YOUR ASSIGNMENT:
What you submit must be an exact copy of the listing below, with no images in it.
Segment Start: SOURCE DATA
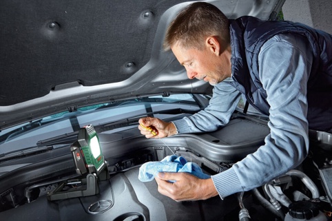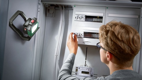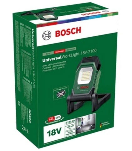 UniversalWorkLight 18V-2100 leveres uden batteri og lader. Til maskinen skal du bruge 1x 18 V Bosch Power for All-batteri med en kapacitet på 1,5 Ah eller derover.
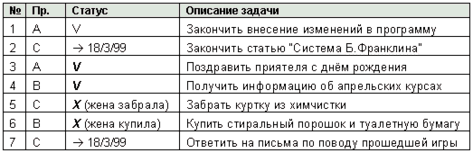 своего рода дневник того, что сделано. Система Франклина же «направлена вперёд»
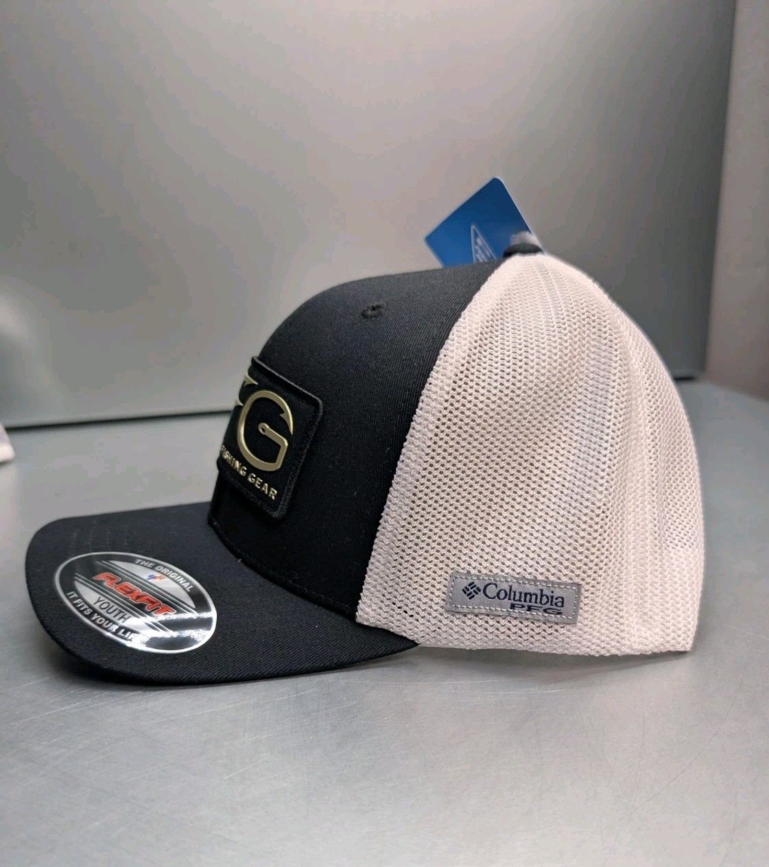 Columbia PFG Youth Flex Fit Mesh Hat Cap Black White One Size Stretch New
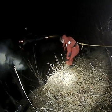The woman, who was found sitting on the roof of her SUV, was escorted to land by Skowhegan firefighters and taken to the hospital for evaluation.
Segment End: SOURCE DATA
YOUR SOLUTION:
 UniversalWorkLight 18V-2100 leveres uden batteri og lader. Til maskinen skal du bruge 1x 18 V Bosch Power for All-batteri med en kapacitet på 1,5 Ah eller derover.
 своего рода дневник того, что сделано. Система Франклина же «направлена вперёд»
 Columbia PFG Youth Flex Fit Mesh Hat Cap Black White One Size Stretch New
The woman, who was found sitting on the roof of her SUV, was escorted to land by Skowhegan firefighters and taken to the hospital for evaluation.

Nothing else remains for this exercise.